There is a group of abnormalities, known together as the hypertensive disorders of
pregnancy, which includes preeclampsia and gestational hypertension. It is possible, that
hypertension is elevated for the first time after 20 weeks gestation, suggesting a potential
onset of PE, but the patient does not suffer from proteinuria. This condition is classified as
having gestational hypertension. One of four women, suffering from gestational
hypertension, subsequently develop proteinuria, leading to the onset of PE (Saudan et al.,
1998; Report of the National High Blood Pressure Education Program Working Group on
High Blood Pressure in Pregnancy, 2000; Wagner, 2004). The similarity of symptoms
detected in the hypertensive disorders of are the reason of the unclear and inaccurate
diagnostics of PE.
Dong et al. monitored PE in women of varying severity of proteinuria. Based on the
obtained data, authors suggest that the level of proteins in urine may be associated with the
development of severity of PE. In addition, they refer, that the amount of proteinuria is
positively correlated with time of onset in PE, but time between the onset of PE and delivery
is not associated with the severity of proteinuria (Dong et al., 2017). Despite the mentioned
diagnostic features, up to 10 % of patients with PE have no proteinuria at the time of clinical
presentation (Sibai, 1990; Thornton et al., 2010; Dong et al., 2017). These knowledges
complicate the detection of disorder onset causing difficulties in diagnostics of PE.
Trophoblast and placenta
The structure and functionality of the placenta is related to the health of mother and
developing fetus (Guttmacher et al., 2014). The process of placentation is the key point in PE,
because the placenta formation provides the functional connection between mother and fetus.

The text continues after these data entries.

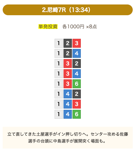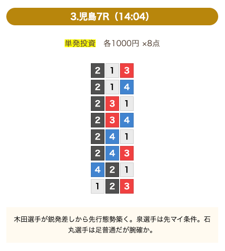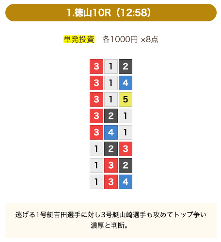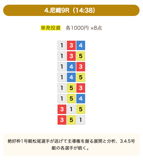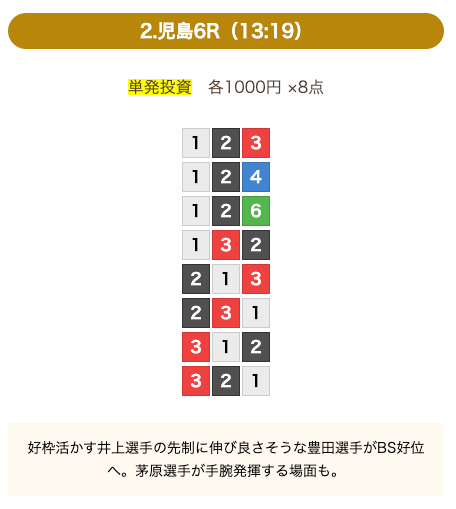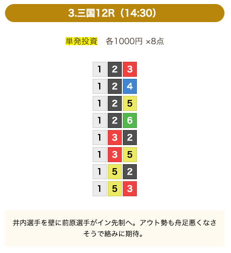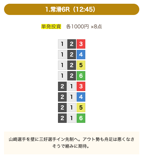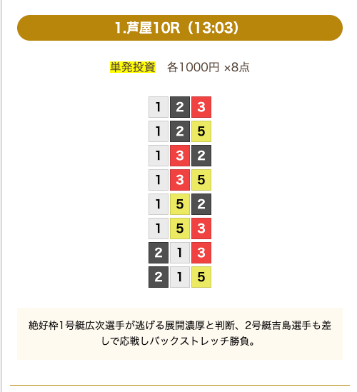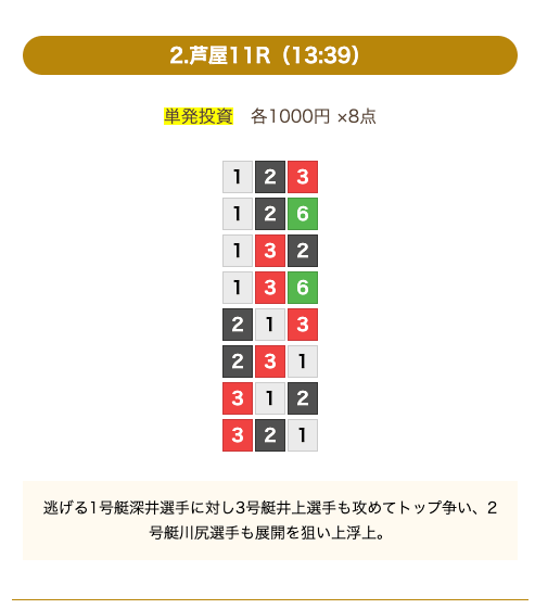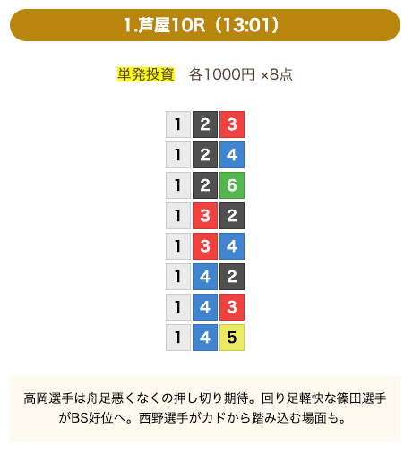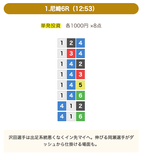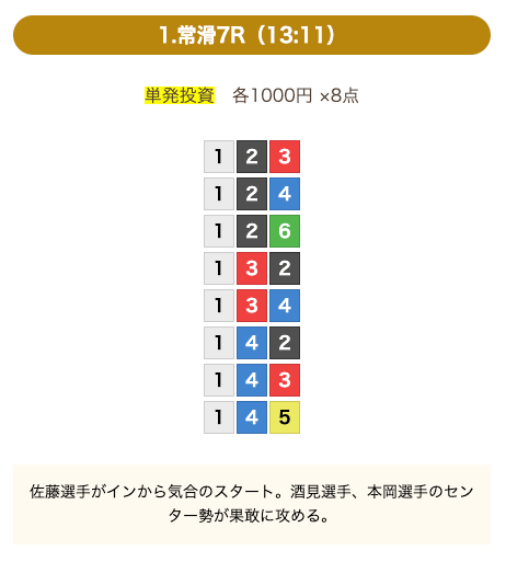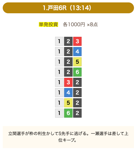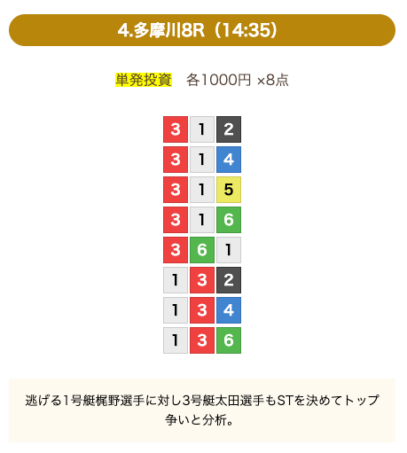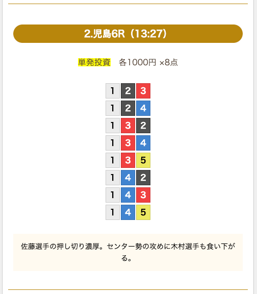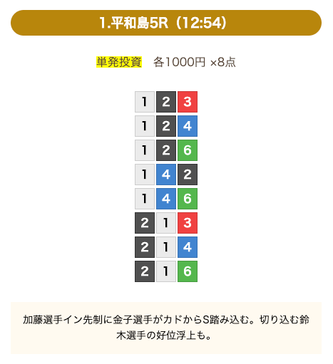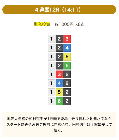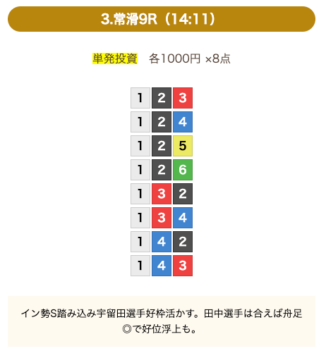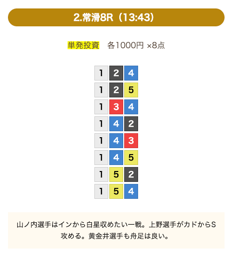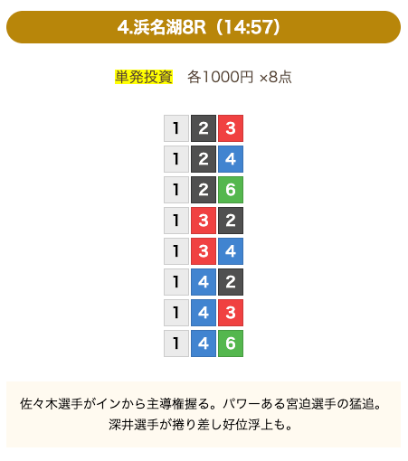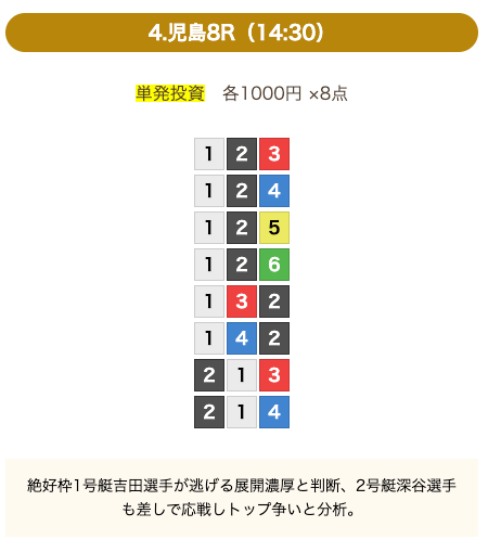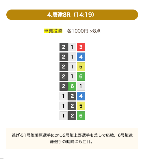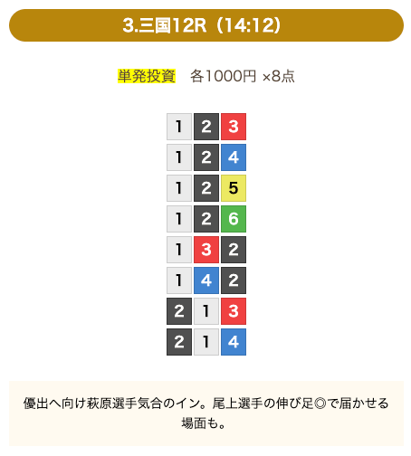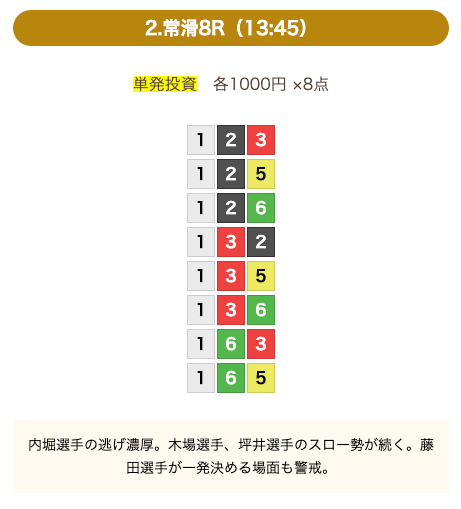 - 券種:3連単(8点)
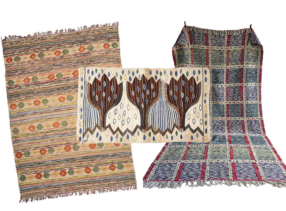 Trasmattornas återkomst. Handvävda favoriter hos allmogen har nu hittat in i finrummen. Foto: Auctionet, Bukowskis, Sikö auktioner, Tradera och Uppsala auktionskammare
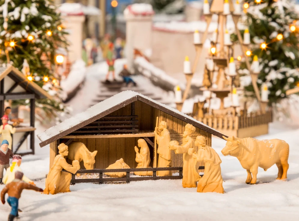 Every year, people look forward to a peaceful lead-up to Christmas with loved ones. The “Christmas Market Nativity Scene with Wood Look Figures”, which tells the renowned Christmas story of Mary, Joseph and baby Jesus, should naturally not be missing. The nativity scene is often presented in high-quality sculptures at Christmas markets. Likewise, this is now possible with the NOCH “Christmas Market Nativity Scene with Wood Look Figures” among the Laser-Cut minis. Install this lovingly recreated manger in your wintery scene and conjure up even more of a Christmassy atmosphere. Getting into the Christmas spirit is guaranteed here, as people amble through the Christmas market with their loved ones past lots of stalls bearing treats and the mighty Christmas manger.
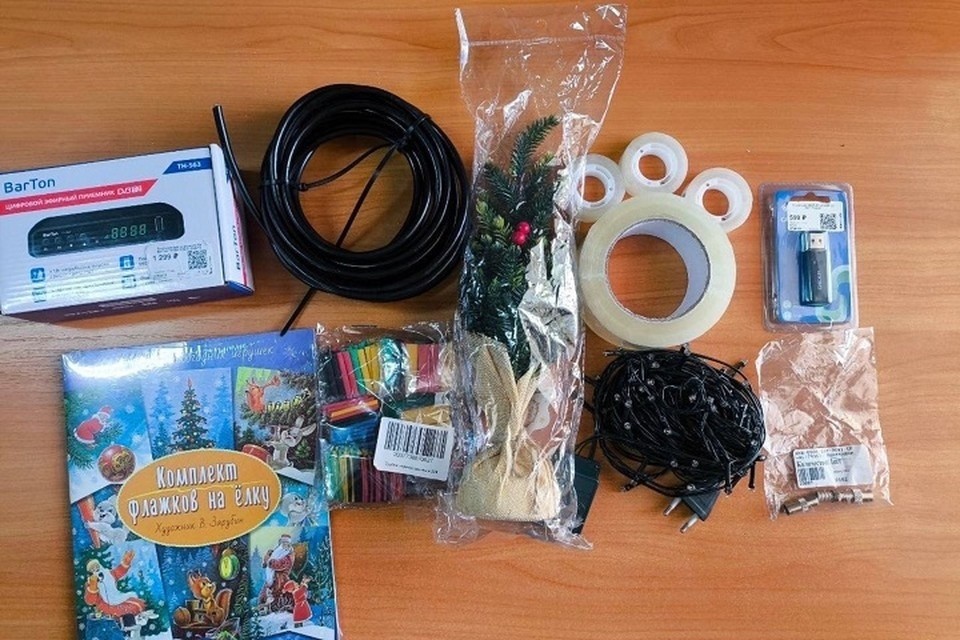 В сумке с документами находились гирлянда, искусственная ёлка, упаковка термоусадочных трубок, кардридер, переходники на телевизионную антенну, антенный кабель, цифровой приёмник, скотч и батарейки.
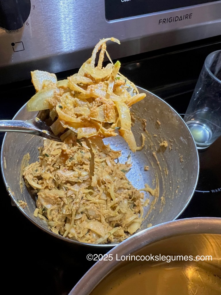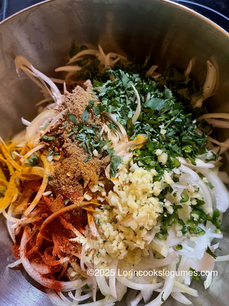 Add all the powdered spices, chili flakes, salt, ¼ cup cilantro, green chili, and ginger. Mix well, squeezing to extract juice from the onions, for several minutes, until the onion is limp and wet-looking.
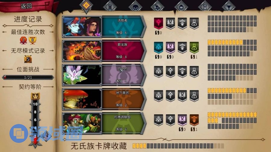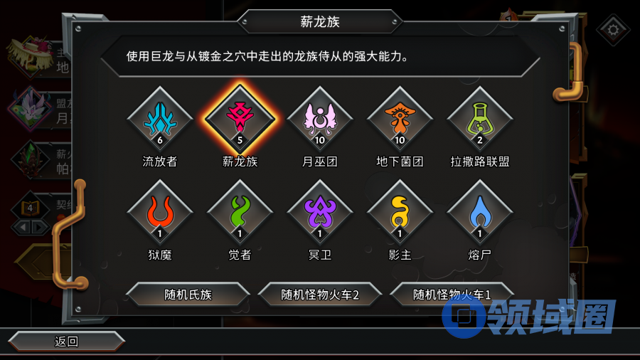 《怪物火车2》和前作的一个不同在于,2代提供了五个全新的氏族,分别是流放者、薪龙族、月巫团、地下军团和拉撒路联盟。每个氏族都有完全不同的战斗风格和两位全新的勇者,例如流放者(天使)的特点是可以用“英勇”(增加攻击力,每回合叠盾)和位移机制来造出强大的单位消灭敌人。薪龙族可以走龙蛋宝藏流和溶胶易伤等流派,月巫团有特殊的月相变化机制和大量低费高质量法术,地下军团(蘑菇人)擅长dot腐蚀,拉撒路联盟则更是有很多新活:药水调配、武器嫁接、低血线自动斩杀(不稳定性)等全新的机制。
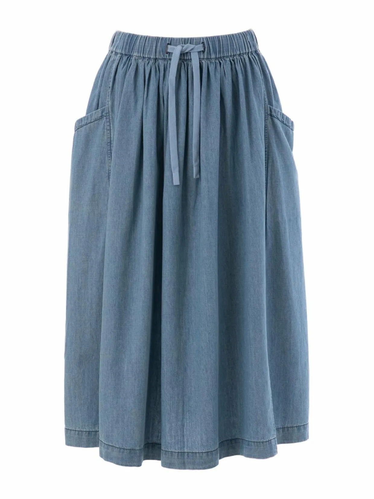 Taskullinen farkkuhame JcSophie vaatemerkiltä. Hameessa on joustava vyötärölinja, jossa on säätömahdollisuus. Hame laskeutuu kauniisti ja on valmistettu miellyttävän tuntuisesta puuvilla-polyesteristä.
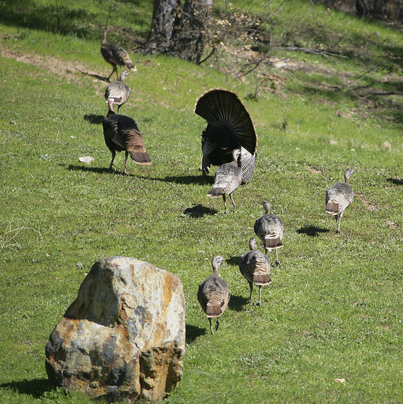 Near the exit to the hard-core portion of Black Canyon, we came across this flock of wild turkeys. There appear to be 2 males and 7 hens in this group. Here, one of the males spreads his tail feathers to give the hens something to follow.
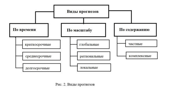 Основываясь на объектах прогнозирования, прогнозы различают по времени, по масштабу и по содержанию (рис. 2).
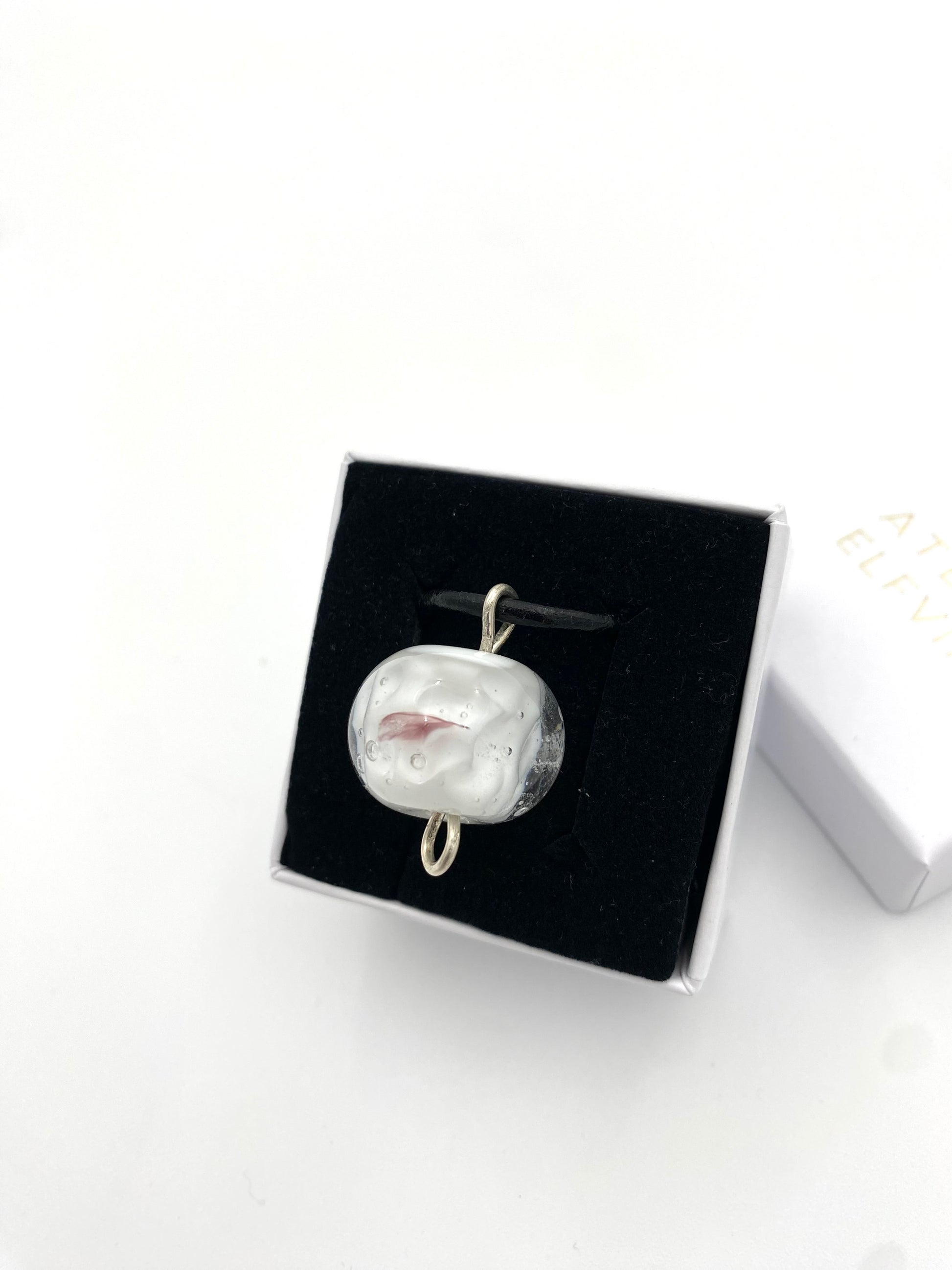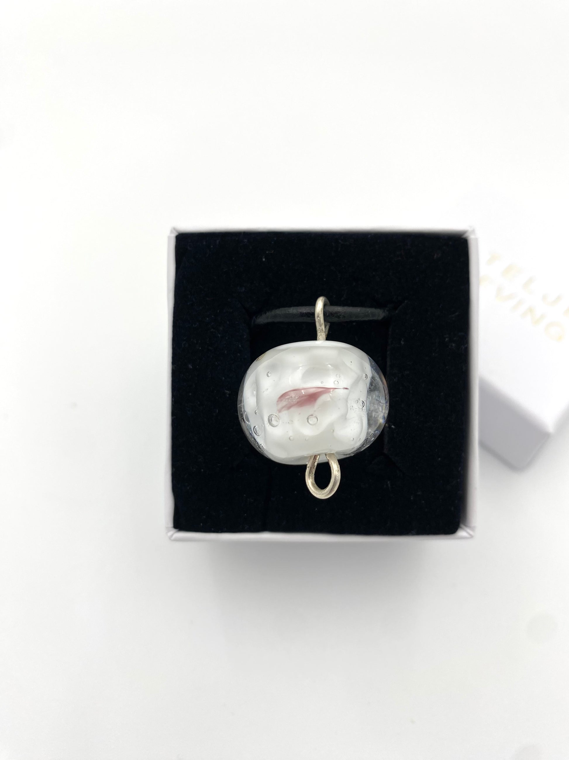 Vit pärla med klarglas på och en liten lila detalj. 2 cm. hög, 2 cm. bred. Levereras med läderrem.
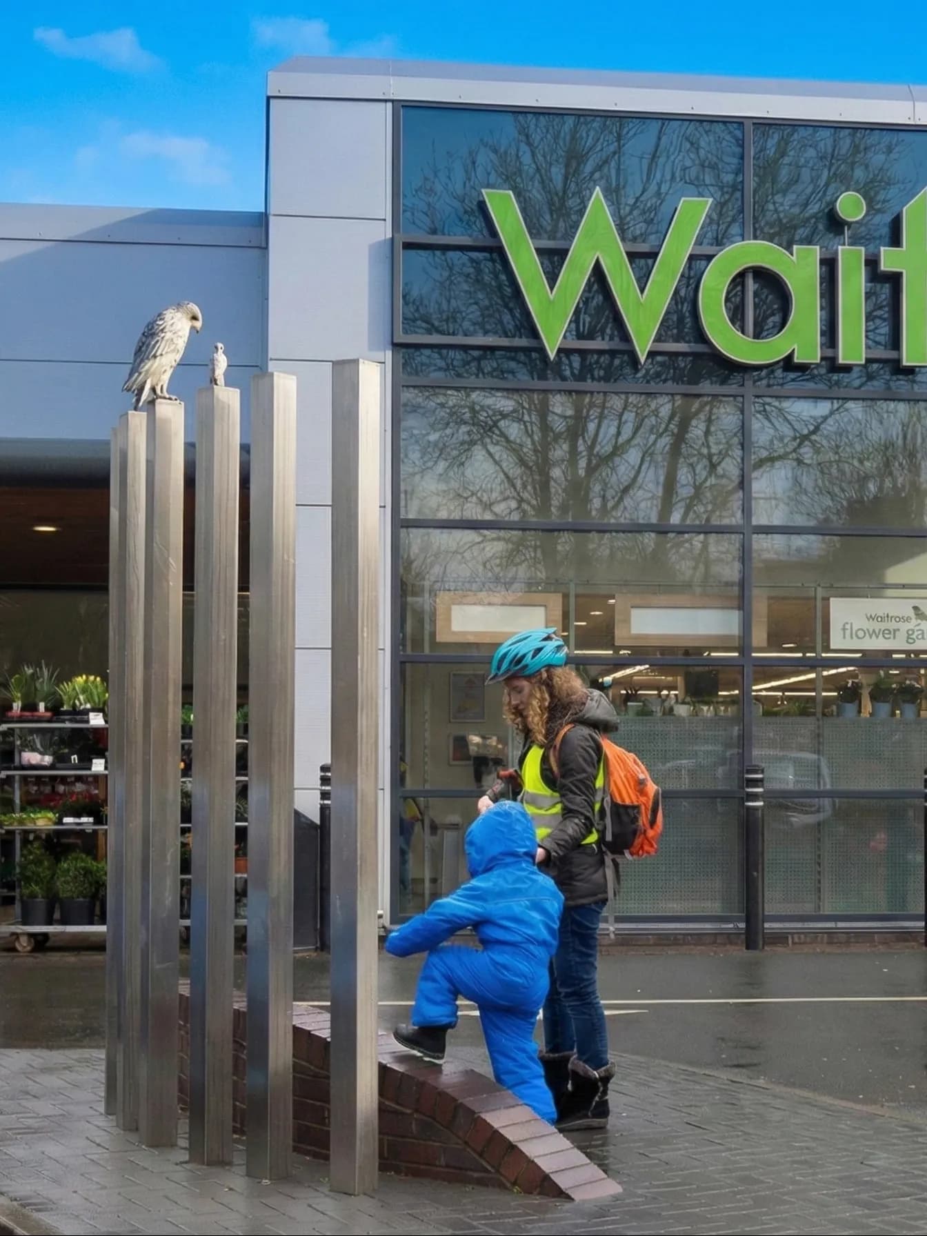 “Waitrose Botley Road featuring a stainless steel Barn Owl and Mice. The work honours the site's history as a medieval "tything."”
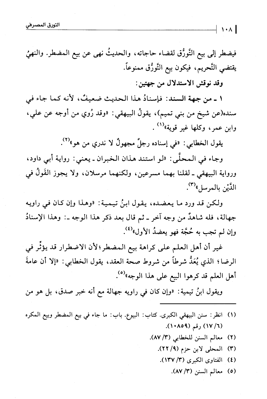 (¬1) انظر: سنن البيهقي الكبرى. كتاب: البيوع. باب: ما جاء في بيع المضطر وبيع المكره (6/ 17) رقم (10859).
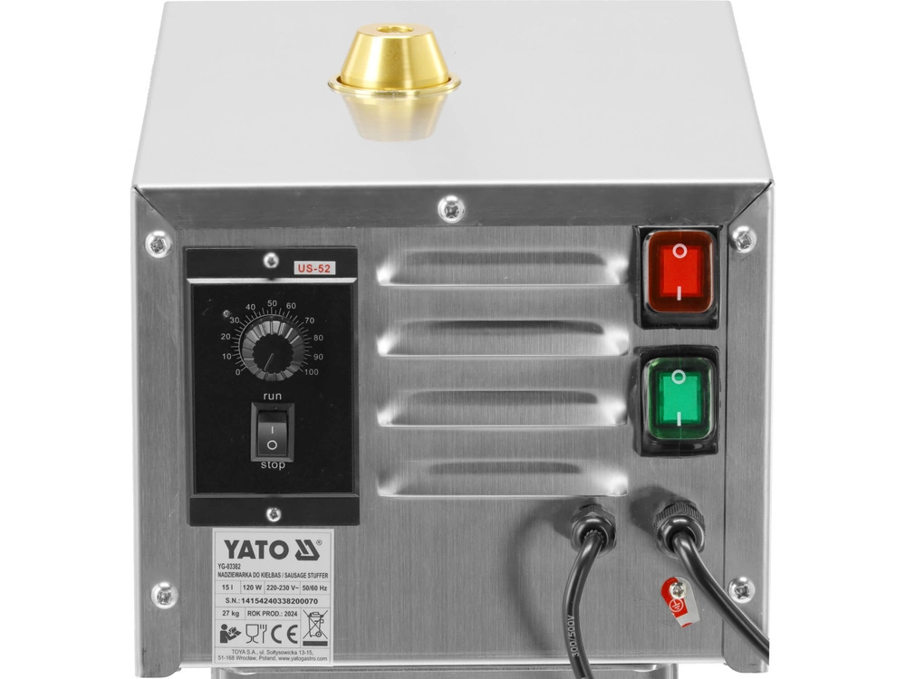 Elektrická plnička klobás YATO YG-03382 s objemom 15 litrov je spoľahlivé zariadenie pre stravovacie zariadenia, prevádzky na spracovanie mäsa a domácnosti. Je vyrobený z vysokokvalitnej nehrdzavejúcej ocele, zaručuje odolnosť a jednoduchú údržbu čistoty vďaka možnosti demontáže nádrže a prvkov prichádzajúcich do kontaktu s potravinami.

The result of placentation is the implantation of blastocyst in uterus. Invasion of the
trophoblast into the maternal endometrium is necessary for placentation. The blastocyst
contains a layer of cytotrophoblast cells on its surface, the cells that fuse and form a
multinucleated syncytiotrophoblast (fig. 1). Only the multinucleated unit can invade into the
maternal endometrium, what is indispensable for the proper placentation process (Popek,
1999; Ji et al., 2013).
Syncytin-1 in placentation
Syncytin-1 protein is encoded by ERVW-1 gene belonging to the human endogenous
retroviral family – HERV-W. The highest level of ERVW-1 expression was detected in
placenta. The product of this gene mediates the cytotrophoblast cell fusion, from which
differentiates multinucleated syncytiotrophoblast (fig. 2). Without the fusogenic activity of
syncytin-1, normal placentation could not occur (Blond et al., 1999; Blond et al., 2000; Mi et
al., 2000; Voisset et al, 2000; Huang et al., 2014).
Molecular structure of ERVW-1 gene
ERVW-1 gene is located on q21.2 of chromosome 7 in the genome. It consists of
three, originally retroviral, parts of which gag and pol regions are found in the human
genome as pseudogenes, while the env (coding envelope protein) region has been
functionally preserved. Only the env region has retained complete retroviral ORF (Open
Reading Frame), whose product is fusogenic protein syncytin-1, required for the cell fusion
in syncytiotrophoblast forming (fig. 3). Env sequence is flanked by two LTR (Long Terminal
Repeat) regions. Downstream from 5ʼLTR is laying an intron with the size of 2 kb (Blond et
al, 1999; Blond et al., 2000; Voisset et al., 2000).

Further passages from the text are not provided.